To grow and prosper we need to develop lasting and mutually beneficial relationships with customers, investors and business partners. To gain their trust we need to be transparent and honest in our communication. We also need to adopt the most effective and appropriate channels of communication. In the case of customer transactions, there is an extremely diverse range of touch points that has been enabled by technology today in addition to the traditional brick and mortar branches – internet, mobile, ATMs, CDMs, IVR, and self-service kiosks. Many regions of the Kingdom are underserved but when expanding our reach we have to select the most cost-effective channels.

Broadening product and market portfolio

  • Evaluating changing customer needs
  • Identifying and concentrating on more profitable product segments
  • Balancing the needs of different market segments
  • Focus on more profitable types of customers
  • Streamlining the product development process
  • Transitioning from commoditised to innovative and differentiated products
  • Promoting sales orientation
  • Focus on effective sales strategies such cross selling and joint calling
  • Brand strategy to support overall strategy
  • Developing market fact base

Today markets are evolving with dizzying rapidity – customers are becoming more and more exposed to modern trends. The population, especially the younger generation, is becoming increasingly technology savvy. Women are increasing their presence in the market.

The new products and services that are being introduced are increasingly digital in character; this applies to both the personal banking and the corporate banking segment. There are also very lucrative opportunities in market niches such as affluent banking.

Building people skills

  • Aligning the HR strategy with the corporate strategy
  • Motivation and retention
  • Health and safety of employees
  • Training and skills development in key aspects
  • Engagement with staff
  • Employee satisfaction through rewards and recognition

Development of our staff is a continuous ongoing process. Employees have to be trained to keep up with the changing technology and cater to the evolving customer needs. Similarly, in the process of recruitment we have to hone our processes to select the best available people and place them in the most appropriate positions.

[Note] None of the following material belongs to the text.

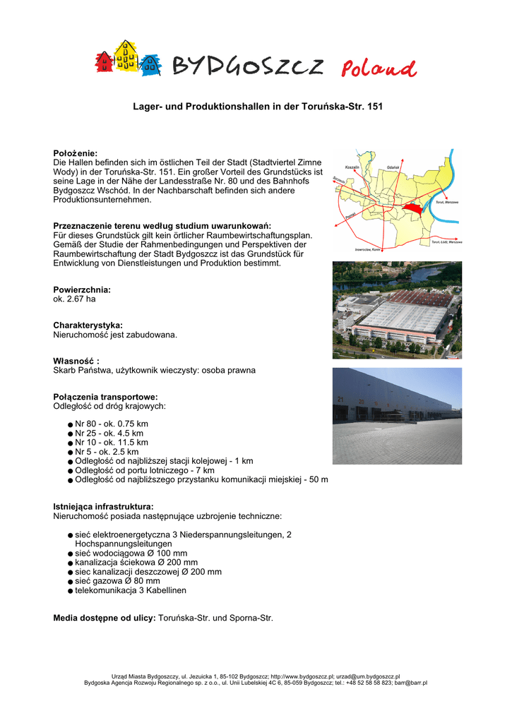Lager- und Produktionshallen in der Toruńska-Str. 151 Położenie: Die Hallen befinden sich im östlichen Teil der Stadt (Stadtviertel Zimne Wody) in der Toruńska-Str. 151. Ein großer Vorteil des Grundstücks ist seine Lage in der Nähe der Landesstraße Nr. 80 und des Bahnhofs Bydgoszcz Wschód. In der Nachbarschaft befinden sich andere Produktionsunternehmen. Przeznaczenie terenu według studium uwarunkowań: Für dieses Grundstück gilt kein örtlicher Raumbewirtschaftungsplan. Gemäß der Studie der Rahmenbedingungen und Perspektiven der Raumbewirtschaftung der Stadt Bydgoszcz ist das Grundstück für Entwicklung von Dienstleistungen und Produktion bestimmt. Powierzchnia: ok. 2.67 ha Charakterystyka: Nieruchomość jest zabudowana. Własność: Skarb Państwa, użytkownik wieczysty: osoba prawna Połączenia transportowe: Odległość od dróg krajowych: ● ● ● ● ● ● ● Nr 80 - ok. 0.75 km Nr 25 - ok. 4.5 km Nr 10 - ok. 11.5 km Nr 5 - ok. 2.5 km Odległość od najbliższej stacji kolejowej - 1 km Odległość od portu lotniczego - 7 km Odległość od najbliższego przystanku komunikacji miejskiej - 50 m Istniejąca infrastruktura: Nieruchomość posiada następnujące uzbrojenie techniczne: sieć elektroenergetyczna 3 Niederspannungsleitungen, 2 Hochspannungsleitungen ● sieć wodociągowa Ø 100 mm ● kanalizacja ściekowa Ø 200 mm ● siec kanalizacji deszczowej Ø 200 mm ● sieć gazowa Ø 80 mm ● telekomunikacja 3 Kabellinen ● Media dostępne od ulicy: Toruńska-Str. und Sporna-Str. Urząd Miasta Bydgoszczy, ul. Jezuicka 1, 85-102 Bydgoszcz; http://www.bydgoszcz.pl; [email protected] Bydgoska Agencja Rozwoju Regionalnego sp. z o.o., ul. Unii Lubelskiej 4C 6, 85-059 Bydgoszcz; tel.: +48 52 58 58 823; [email protected]
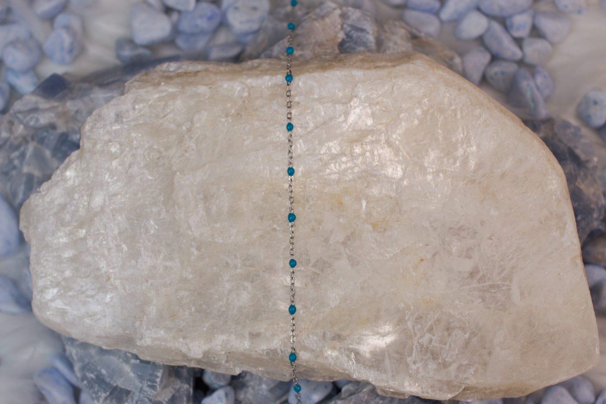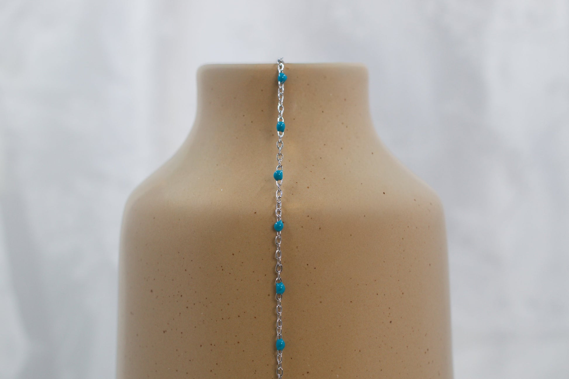 River features a PVD stainless steel cable chain accented with deep teal enamel beads for a rich, moody pop of color. This durable chain blends a sleek, modern finish with natural depth — an ideal choice for creating refined jewelry pieces with a grounded, effortless edge.

We are committed to increasing Saudization and increasing the percentage of women employees. We do our utmost to help our female staff balance their career growth and their family responsibilities. In our relationships with our staff we are very conscious of human rights considerations as well as health and safety issues.

Serving the society and the environment

  • Identifying issues to address in terms of likely impact
  • Addressing impact through the value chain
  • Incorporating ESG considerations in strategies and operations

We do not concentrate completely on the bottom line, but as a responsible corporate seek to fulfil our social responsibilities. We minimise the environmental footprint in our own activities. We have also implemented an Environmental Management System (EMS), which caters to the ISO 14001 standard.

We also carry out a large number of social programmes with educational, health and charity objectives.

In addition all the strategies may address contributing to the goals of Vision 2030.